I collected the tweets in January in the last days of it being cost-free using an Academic Access Developer account (I had to apply for this but I was approved within 48 hours)... my luck must be good! 

## Let's pull tweets using Twitter's API (main.py)

### Importing our tools

In [None]:
import tweepy
import os
import csv

### Define our authentication token variable 

Disclaimer: I learned in class a few weeks later that I could store it locally on my file and not push it to Github, when I did this via self-learning I inserted it directly into my code-- do NOT do this for security reasons!

In [None]:
bearer_token = "INSERT_YOUR_TOKEN_HERE"

In [None]:
client = tweepy.Client(bearer_token = bearer_token, wait_on_rate_limit = True)

### Create a csv file where we'll store our collected tweets

The column headers were named by looking at the API documentation and seeing which data it collects.

In [None]:
with open("main_account_data.csv", mode = "w") as tweet_file:
    tweet_writer = csv.writer(tweet_file, delimiter = ',', quotechar = '"', quoting = csv.QUOTE_MINIMAL)
    tweet_writer.writerow(["created_at","id","text"])
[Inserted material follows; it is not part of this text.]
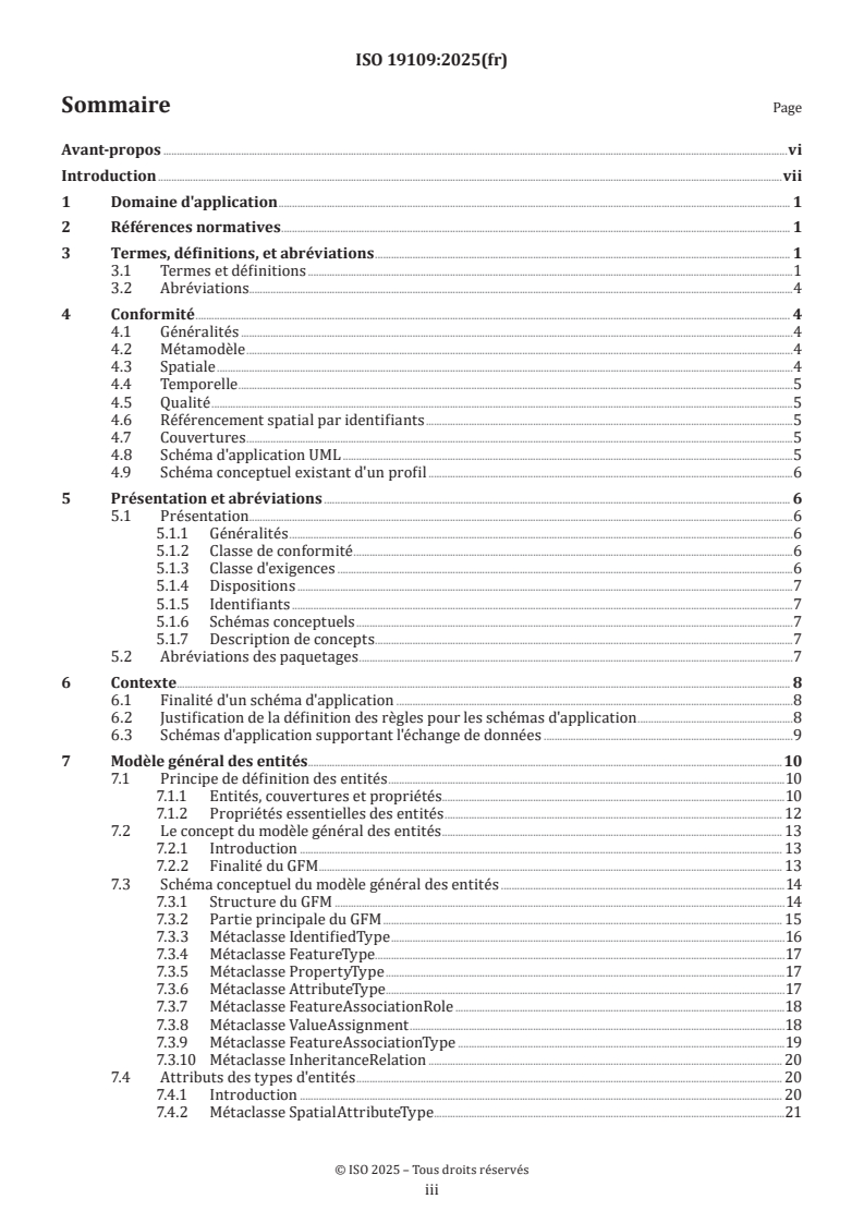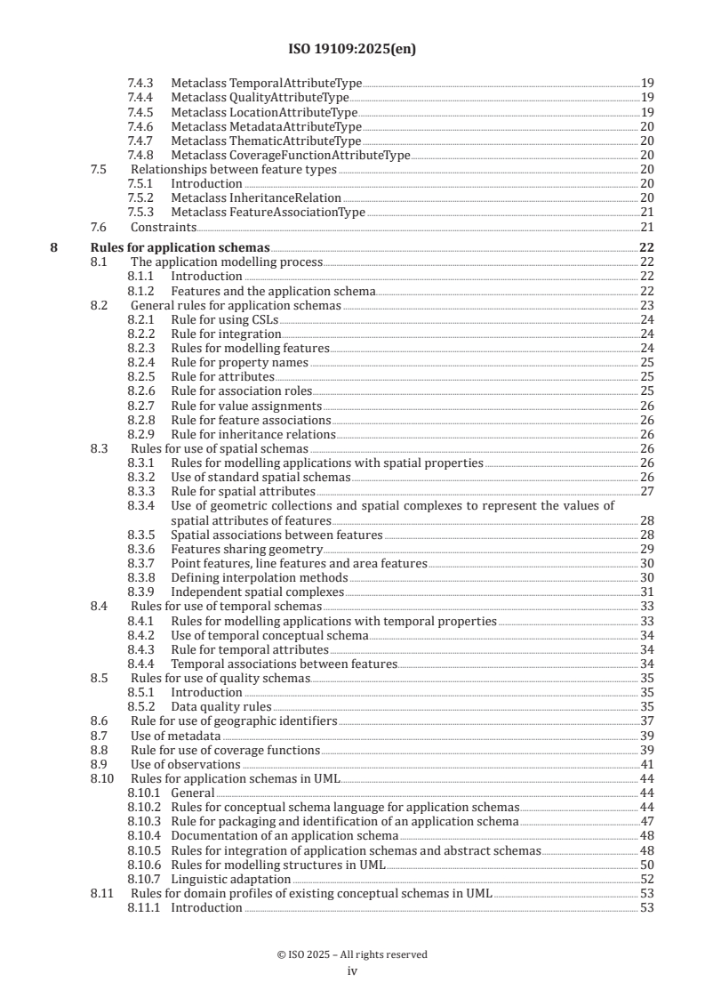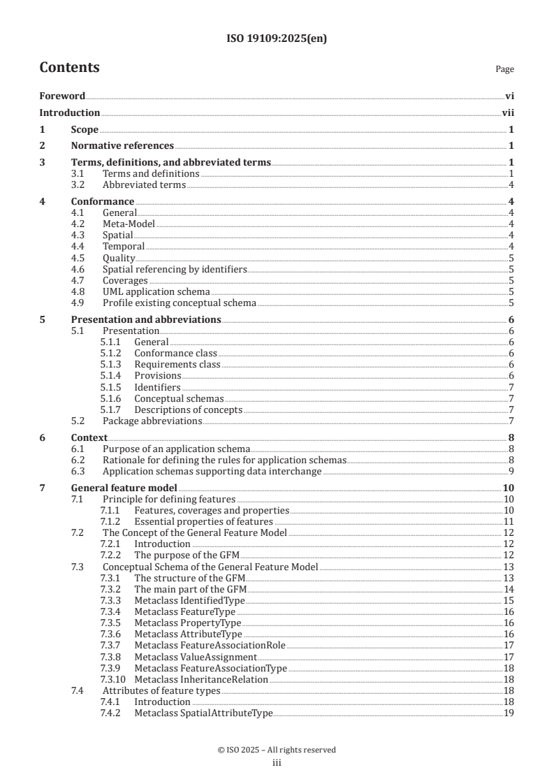 ISO 19109:2025 is a standard published by the International Organization for Standardization (ISO). Its full title is "Geographic information - General feature model and rules for application schema". This standard covers: This document defines the General Feature Model (GFM) as the metamodel for creating application schemas in the context of geo-information modelling. The GFM is explained and implemented as rules for creating and documenting application schemas, including principles for the definition of features. This document is applicable to: - conceptual modelling of features and their properties from a universe of discourse; - definition of application schemas; - general rules for using a conceptual schema language for application schemas; - rules for application schemas using UML as the conceptual schema language; - transition from the concepts in the conceptual model to the data types in the application schema; - integration of standardized schemas from other ISO geographic information standards with the application schema. This document does not apply to: - choice of one particular conceptual schema language for application schemas; - definition of any particular application schemas; - representation of feature types and their properties in a feature catalogue; - representation of metadata; - rules for mapping one application schema to another; - implementation of the application schema in a computer environment; - computer system and application software design; - programming.

Now, let's use a for loop to loop through all the tweets from the @Caltrain account since it's creation until the date they stopped tweeting delays from this account. In the nested for loop we are opening the file "main_account_data.csv" that we created above and *appending* each tweet as a new row there. 

In [None]:
for item in tweepy.Paginator(client.search_all_tweets, query = 'from:Caltrain', max_results = 500, start_time = "2006-03-21T00:00:00Z", end_time = "2020-10-01T00:00:00Z", tweet_fields = ["created_at","id","text"]):
    for tweets in item.data:
        with open("main_account_data.csv", mode = "a") as tweet_file:
            tweet_writer = csv.writer(tweet_file, delimiter = ',', quotechar = '"', quoting = csv.QUOTE_MINIMAL)
            tweet_writer.writerow([tweets["created_at"], tweets["id"], tweets["text"]])
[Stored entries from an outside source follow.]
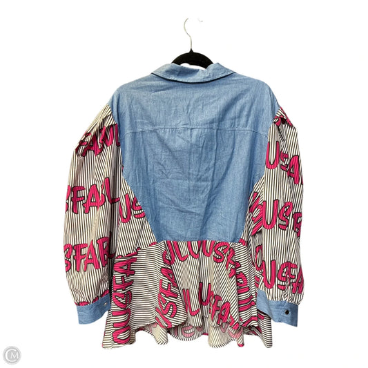 Blouse 3/4 Sleeve By Ashley Stewart In Blue Denim, Size: 3x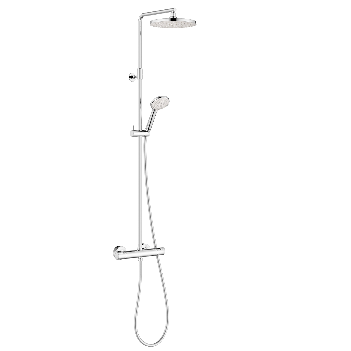 Core takdusj er en komplett takdusj med stang med fleksibel justering på høyden, håndusj med tre innstillinger, takdusjhode på 230mm og 1500mm sølvfarget glatt slange. Termostatkran med skoldesperre og grep med knapp som gjør det enkelt å endre temperatur og vannmengde. Til proffen: Vær oppmerksom på at det øvre veggfeste må strammes med unbraco i henhold til monteringsanvisning.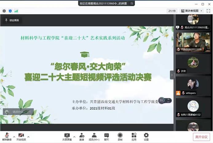 团委主办,材料类2021-01班承办的 “忽尔春风·交大向荣——喜迎党代会·献礼二十大”主题短视频评选活动决赛如期举办。出席本次活动的评委嘉宾有:包子漫画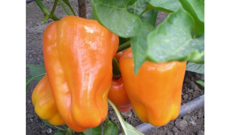 최고의 중생종 교배종입니다. 이 고추는 크고 두꺼운 껍질을 가지고 있으며, 생산성이 높고, 보기 드문 주황색을 띱니다. 덤불은 빽빽하고 단단하며, 높이는 70cm를 넘지 않습니다. 생장 초기에는 꼬투리와 잎의 색깔이 잎사귀와 동일하기 때문에 구별하기 어렵습니다. 잎은 작고 주름지며 빽빽합니다. 한 식물은 보통 12~14개의 후추열매를 맺으며, 각 열매의 무게는 250g입니다. 열매에는 충분한 양의 씨앗이 들어 있는 최대 4개의 씨앗실이 있습니다. 과육의 두께는 0.8cm입니다. 묘목은 비닐 덮개 아래나 노지에서 재배합니다.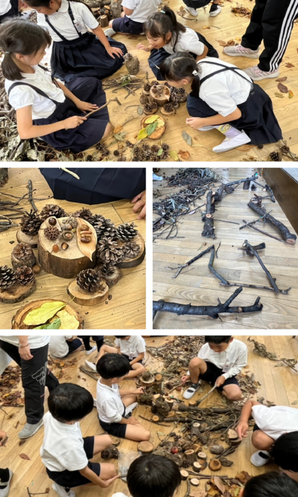 子どもたちは、落ち葉やどんぐり、栗、ザクロなどの材料を集めていました。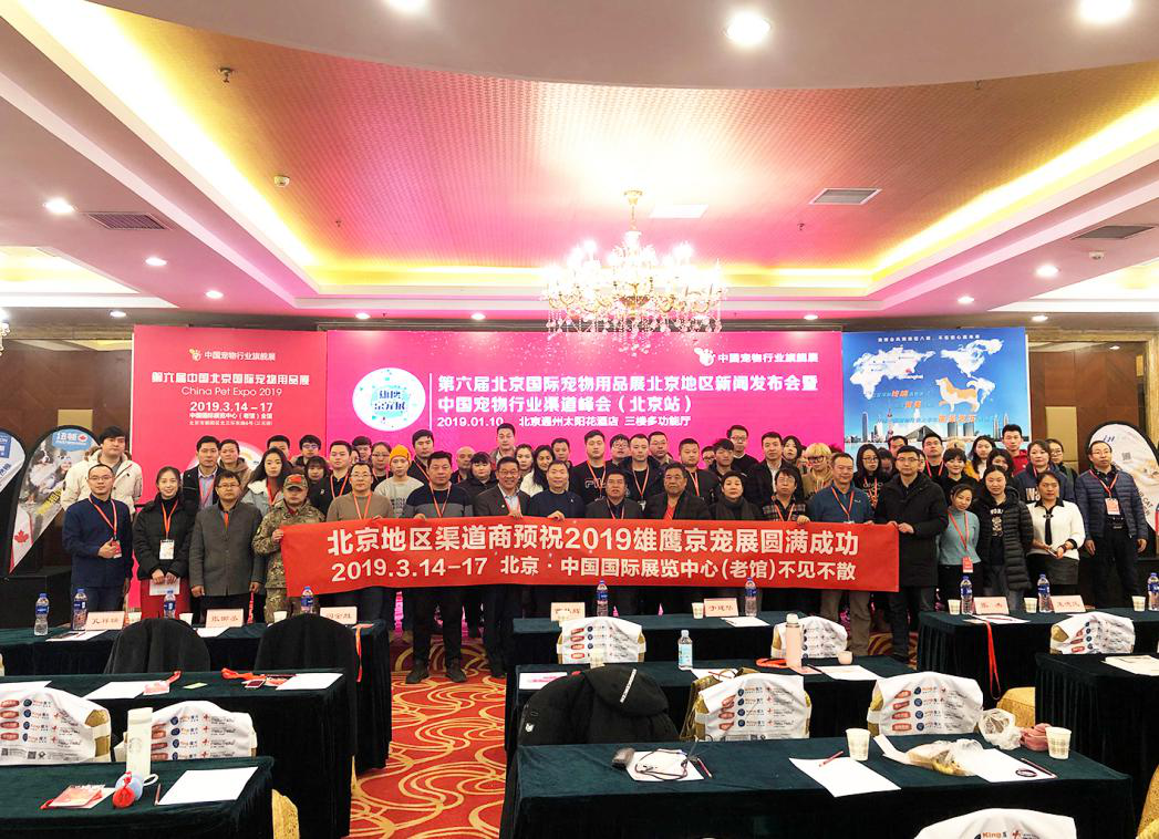 2019年1月10日,第六届中国北京国际宠物用品展新闻发布会在北京通州太阳花酒店三楼多功能厅顺利召开!出席的嘉宾有北京雄鹰国际展览有限公司总经理曹林辉先生、北京中宠联盟科技发展有限公司总经理于建华先生、圣宠宠物董事长阎金胜先生、台湾宠物创业协会秘书长张御丞先生、BOBO宠物空间创始人宁尉先生、猫样生活创始人张杰女士,协办单位:北京明祥达科贸有限公司张春先生、北京宏瑞通达科技有限公司孔祥瑞先生。发布会同期还举办了第六届雄鹰京宠展观众组织全国行-中国宠物行业渠道峰会北京站,吸引了北京及周边地区宠物行业经销代理商、宠物门店、宠物医院及媒体代表等200多名参会代表齐聚一堂,共襄盛举!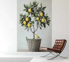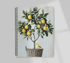 Un uccello giallo siede su un albero di limoni, circondato da agrumi freschi e fogliame rigoglioso. Questa illustrazione minimalista di natura morta mediterranea combina la bellezza della natura con un tocco di stile boho.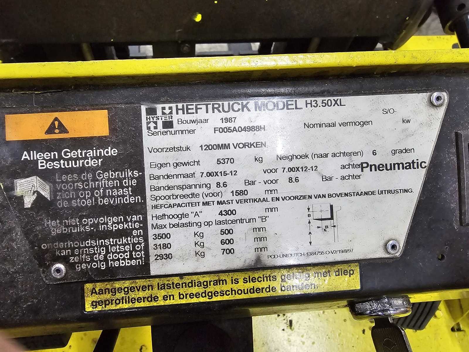 Extra verzwaard met contragewicht Nee Merk: Hyster Type: 3.50XL Brandstof: LPG Mast: Duplex Aantal wielen: 4 Duplex mast: true Eigen gewicht: 5370kg Hefvermogen: 3500kg Lepellengte: 1000mm Hefhoogte: 4300mm Vol rubber banden: true LPG: true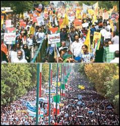 مردم روزه دار لرستان با حضوري گسترده و کم نظير، انزجار خود را از کشتار بيرحمانه مردم فلسطين و سکوت مدافعان دروغين حقوق بشري را در برابر اين فجايع فرياد زدند. روزه داران هرمزگاني اززن و مرد و شيعه و سني با وجود گرماي 40 درجهاي هوا با شركت در راهپيمايي، جلوهاي ديگر از حمايت ايرانيان از آرمانهاي شهداي غزه را به نمايش گذاشتند. خيابانهاي ايلام ديروز مملو از جمعيت انبوه روزه داري بود که در روز جهاني قدس رهايي قدس شريف و نابودي اسرائيل را فرياد زدند. دراستان آذربايجان شرقي هم مردم ديندار وولايتمدار در پاسخ به دعوت رهبر فرزانه انقلاب اسلامي، با حضور باشكوه درراهپيمايي روز قدس فرياد آزادي خواهي براي مسلمان فلسطين را سردادند.
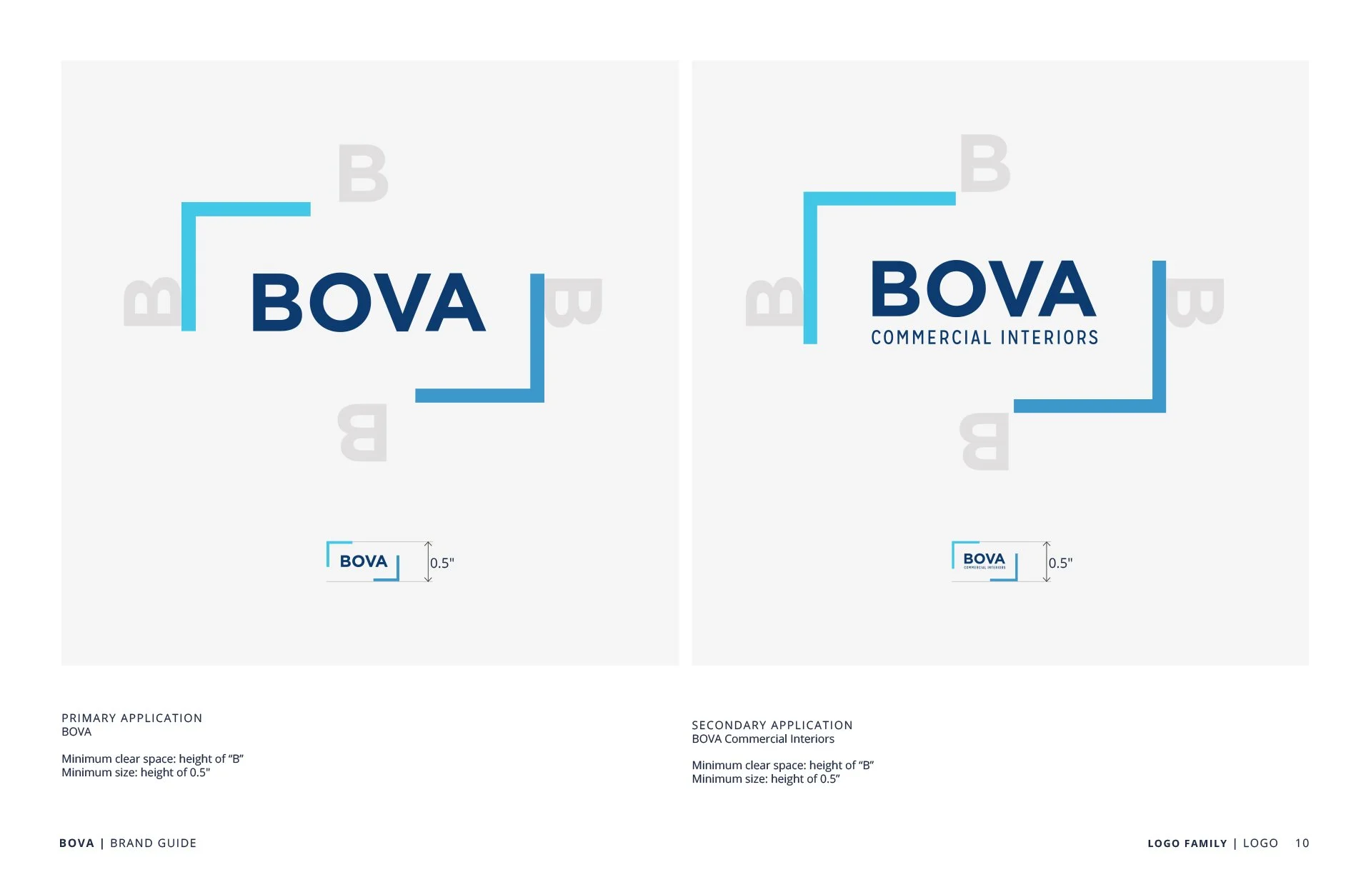 Taking design cues from building plans, we gave the logo more of a design and build feel. The two sections of the triangle icon in BOVA’s original logo were repurposed to create corner brackets, framing the word BOVA. These corner brackets echo the lines used in blue prints to denote walls, visually depicting BOVA’s specialty—interior commercial spaces.

To pull the tweets from the @CaltrainAlerts account, I used the same script, but replaced "query = "from:Caltrain"" with "from:CaltrainAlerts. I also created and opened a new file to save this account's tweets to called "alert_acct_tweets.csv" to keep each account's data separate so I could check for errors before merging the two files.

## Time to filter tweets for delays (filter.py)

Since the main @Caltrain account from 2012-2022 tweeted about both delays and other Caltrain-related notifications, we need to filter only for delays. To decide what to filter for, I scanned the collected tweets looking for consistent formatting. I filtered for words pertaining to delays, like "late", "waiting", "terminated", "single tracking", as well as words pertaining to incidents like "incident" or "emergency". 

### Importing our tools 

In [1]:
import csv
import os
import pandas as pd
import re
from pathlib import Path 

### Identify the path to the csv files holding the tweets on our local machine

In [None]:
cwd = Path(__file__).parent
localfile = Path.joinpath(cwd, "main_account_data.csv")
outfile = Path.joinpath(cwd, "filtered_tweets.csv")
alert_acct_data = Path.joinpath(cwd, "alert_acct_tweets.csv")

Outfile will be used to store the tweets containing notifications about delays only, hence the name "filtered_tweets."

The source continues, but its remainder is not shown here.